Derivative-based maps are noise-sensitive. Apply a Gaussian blur first.


7.7 Gabor Filters

A Gabor filter is a Gaussian-modulated sinusoid — it detects texture at a specific orientation and spatial frequency. Where Sobel detects any edge regardless of frequency, Gabor responds selectively to periodic patterns (e.g., chromatin texture in a nucleus).

7.7.1 From Formula to Matrix: Sampling a Continuous Function

A common point of confusion: the Gabor formula looks abstract, but it is just a recipe for filling in a kernel matrix. The same principle applies to the Gaussian kernel — both are continuous functions that you evaluate at discrete integer pixel offsets to produce the actual numbers in the sliding window.

For a 3×3 kernel, the offsets are \((a, b) \in \{-1, 0, +1\} \times \{-1, 0, +1\}\), where \(a\) is the row offset (negative = up, positive = down) and \(b\) is the column offset (negative = left, positive = right). Plug each pair into the formula to get the corresponding matrix entry:

\[K[a,\,b] = \underbrace{\exp\!\left(-\frac{x'^2 + \gamma^2 y'^2}{2\sigma^2}\right)}_{\text{Gaussian envelope}} \cdot \underbrace{\cos\!\left(\frac{2\pi\, x'}{\lambda}\right)}_{\text{sinusoidal wave}}\]
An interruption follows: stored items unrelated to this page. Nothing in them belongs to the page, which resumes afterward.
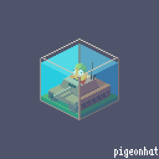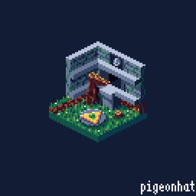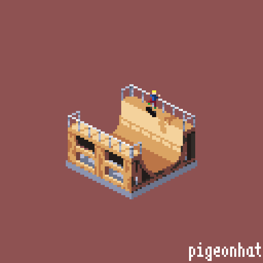 My entry for #cubecollab 's #skatepark theme. Did this on stream and it was super fun so thank you for everyone who was there and if you'd like to watch my process it's available at twitch.tv/pigeon_hat 💙 #pixelart #ドット絵 #aseprite
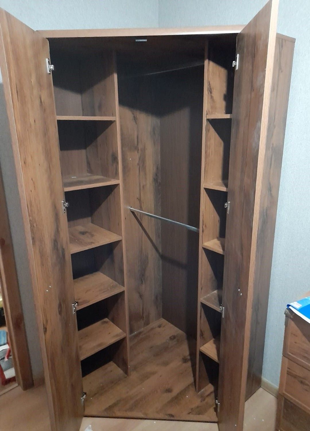 Планировали купить шкаф традиционной конструкции. Когда увидели этот, то поняли, что он идеально впишется в свободное пространство в углу комнаты, оставив больше свободного места. Очень красивая древесная фактура, качественные материалы, надежная фурнитура. Покупкой довольны.
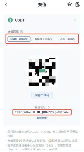 3、以USDT为例,选择充值网络,保存二维码或者复制下方充值地址。
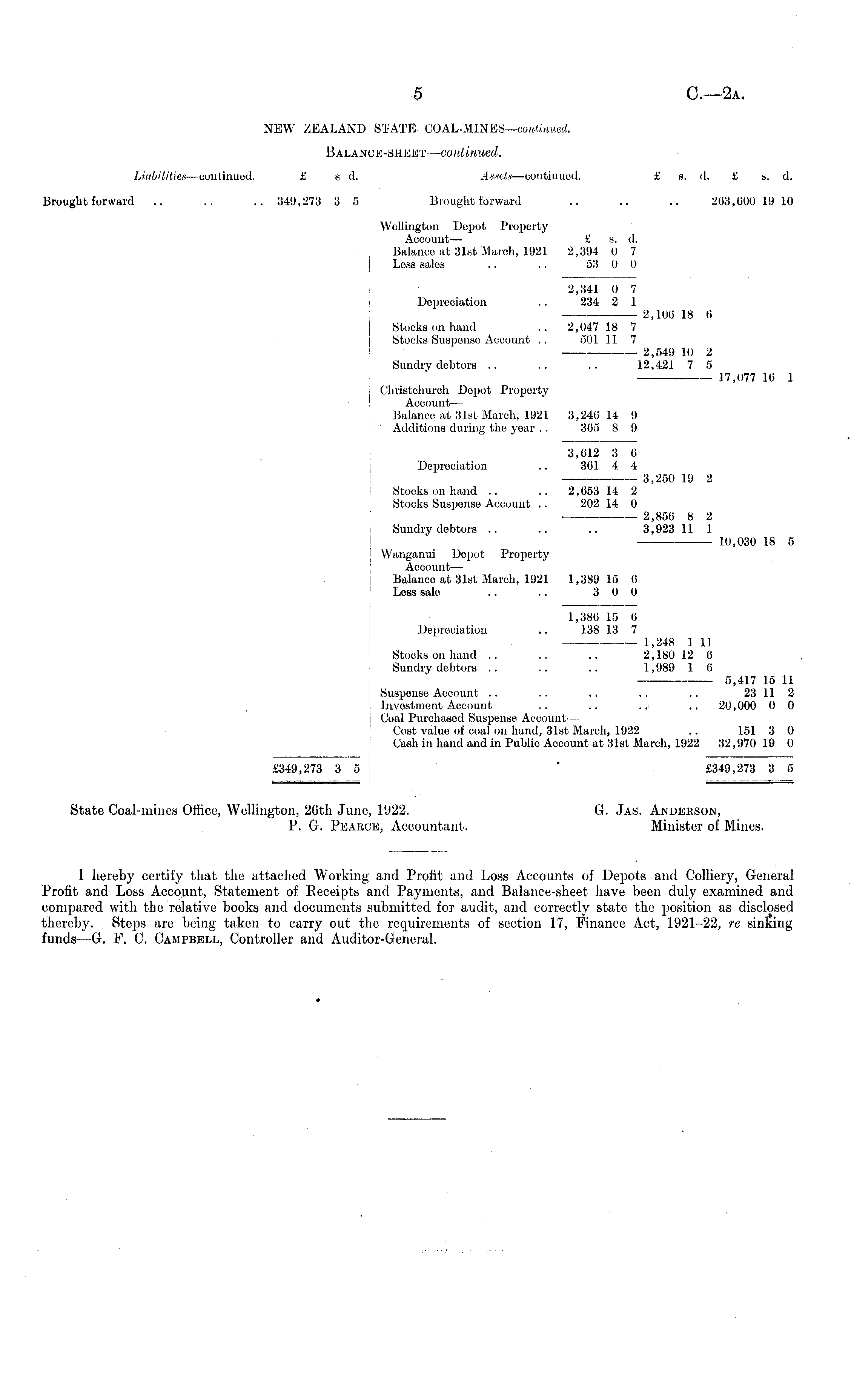 NEW ZEALAND STATE GoAJcMJ,NEB— continued. Balance-sheet-— ooniimtsd. Liabilities —continued. £ s d. Assets —continued. £ s. d. £ s. d. Brought forward .. .. .. 349,273 3 5 j Brought forward .. .. .. 203,090 19 10 Wellington Depot Property Account — £ s. d. Balance at 31st March, 1921 2,394 0 7 Less sales .. .. 53 (I 0 2,341 0 7 Depreciation .. 234 2 1 . 2,100 18 0 Stocks on hand . . 2,047 18 7 Stocks Suspense Account .. 501 11 7 2,549 10 2 Sundry debtors . . . . . . 12,421 7 5 17,077 10 1 Christchuroh Depot Property Account— Balance at 31st March, 1921 3,240 14 9 Additions during the yoar .. 305 8 9 3,012 3 0 Depreciation .. 301 4 4 —— 3,250 19 2 Stocks on hand .. .. 2,053 14 2 Stocks Suspense Account .. 202 14 0 2,850 8 2 Sundry debtors . . .. .. 3,923 11 1 10,030 18 5 Wanganui Depot Property Account— Balanco at 31st March, 1921 1,389 15 0 Less sale .. .. 3 0 0 1,380 15 0 Depreciation .. 138 13 7 1,248 1 11 Stocks on hand .. .. .. 2,180 12 0 Sundry debtors .. .. .. 1,989 1 0 5,417 15 11 Suspense Account .. .. .. .. .. 23 11 2 Investment Account .. .. . v .. 20,000 0 0 Coal Purchased Suspense Account — Cost value of coal on hand, 31st March, 1922 .. 151 3 0 Cash in hand and in Public Account at 31st March, 1922 32,970 19 0 £349,273 3 5 , £349,273 3 5 State Coal-mines Office, Wellington, 26th June, 1922. G. Jas. Anderson, P. G. Pearce, Accountant. Minister of Mines. I hereby certify that the attached Working and Profit and Loss Accounts of Depots and Colliery, General Profit and Loss Account, Statement of Receipts and Payments, and Balance-sheet have been duly examined and compared with the relative books and documents submitted for audit, and correctly state the position as disclosed thereby. Steps are being taken to carry out the requirements of section 17, Finance Act, 1921-22, re sinking funds —G. F. C. Campbell, Controller and Auditor-General.
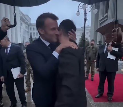 Fransa Prezidenti Emmanuel Makron Kiyevdə "İstəklilər koalisiyası" çərçivəsində görüşdən sonra Ukrayna lideri Volodimir Zelenskini qucaqlayıb və yanağından öpüb.
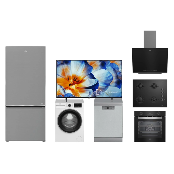 Beko 678550 IEI No Frost Buzdolabı + Beko BM 4044 I Bulaşık Makinesi + Beko CM 9103 B Çamaşır Makinesi + Beko BDE 6062 S Davlumbaz + Beko BOCD 6510 ES Ankastre Ocak + Beko BFC 430 S Ankastre Fırın + Beko B55 D 790 D Andorid 4K Televizyon
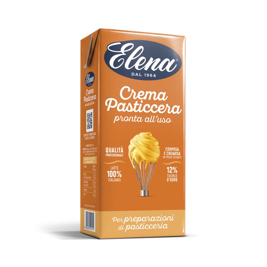 Crema Pasticcera Elena: crema pronta all'uso a base di uova (12%), composta da pochi ingredienti selezionati e priva di addensanti, stabilizzanti ed emulsionanti. Pensata per la pasticceria professionale, è ideale per farciture e preparazioni sia a freddo sia leggermente riscaldate, offrendo versatilità, cremosità e semplicità di utilizzo, insieme a una qualità costante nel tempo.
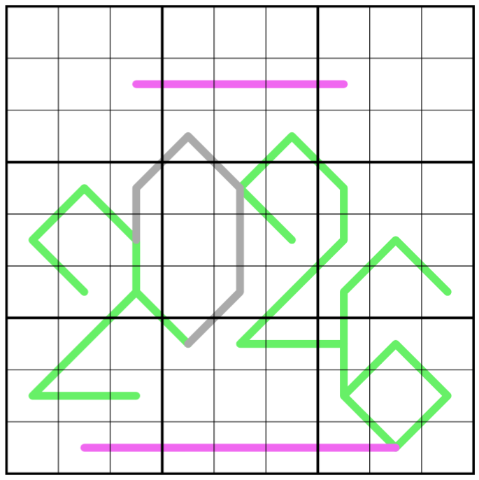 Renban: Auf pinken Linien befinden sich verschiedene Ziffern einer Menge von konsekutiven Zahlen in beliebiger Reihenfolge.
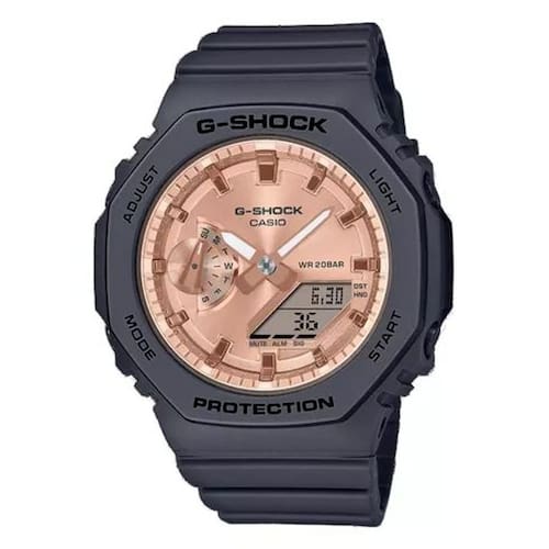 Relógio Casio G-shock Feminino GMA-S2100MD-1ADRCAIXA: Resina / CarbonoPULSEIRA: ResinaPULSEIRA: Largura de 20 mmPESO: 51 gramasMOSTRADOR: RoseCAIXA: 11.2 mm espessuraCAIXA: 42.9 mm diâmetroCAIXA: L2L de 46.2 mmMOVIMENTO: Quartz(bateria)Precisão: ± 15 segundos por mêsDuração da bateria: 3 anos em SR726W X 2FUNÇÕES: Hora, calendário, 5 alarmes, luz, 12/24 horas, cronometro, temporizador, sinal de hora em hora, recurso mudo.VIDRO: Cristal MineralFUNDO: Aparafusado resistência a água de até 200 metrosCOROA: BotõesINFORMAÇÕES ADICIONAIS: Resistente a choques, calendário automático até o ano 2099, estrutura principal em carbon core guard

\[x' = a\cos\theta + b\sin\theta, \qquad y' = -a\sin\theta + b\cos\theta\]

Two pieces working together:

  • The Gaussian envelope (\(\exp\) term) weights entries by distance from center — full weight at \((0,0)\), tapering toward the edges. This is exactly like a Gaussian blur kernel.
  • The sinusoidal wave (\(\cos\) term) creates alternating positive and negative bands across the kernel. \(\lambda\) sets the band width; \(\theta\) controls which direction the bands run.

Multiply the two and you get a kernel that responds to a specific texture frequency at a specific orientation.

7.7.2 What θ Does: Rotating the Stripe Pattern

The angle \(\theta\) rotates the coordinate system before the cosine is applied. At θ = 0°, \(x' = a\) (the row direction), so the cosine varies across rows → horizontal bands. At θ = 90°, \(x' = b\) (the column direction), so the cosine varies across columns → vertical bands.

Here are the two kernels computed from the formula with \(\lambda=2\), \(\sigma=1\), \(\gamma=1\):

\[K_{0°} \approx \begin{bmatrix} -0.37 & -0.61 & -0.37 \\ 0.61 & 1.00 & 0.61 \\ -0.37 & -0.61 & -0.37 \end{bmatrix} \qquad K_{90°} \approx \begin{bmatrix} -0.37 & 0.61 & -0.37 \\ -0.61 & 1.00 & -0.61 \\ -0.37 & 0.61 & -0.37 \end{bmatrix}\]

\(K_{0°}\) fires when the center row is bright and the rows above and below are dark — a horizontal band crossing the kernel. \(K_{90°}\) fires when the center column is bright and the columns left and right are dark — a vertical band. Notice they are transposes of each other; rotating by 90° is equivalent to transposing the matrix.

For diagonal orientations (45°, 135°), the stripe pattern tilts, but a 3×3 grid is too coarse to display the diagonal clearly. A 5×5 kernel makes the orientation far more legible — which is why the widget below uses 5×5.

7.7.3 The Other Three Parameters

Parameter Concrete meaning Smaller value Larger value
\(\lambda\) Stripe width (wavelength) Tight stripes — detects fine texture Wide stripes — detects coarse texture
\(\sigma\) Gaussian bell width Small window, few stripes visible Large window, more stripes captured
\(\gamma\) Aspect ratio of the Gaussian ellipse Elongated along the stripe direction More circular envelope

A useful rule of thumb: keep \(\sigma \approx \lambda / \pi\) so that roughly one full stripe cycle fits within the Gaussian envelope.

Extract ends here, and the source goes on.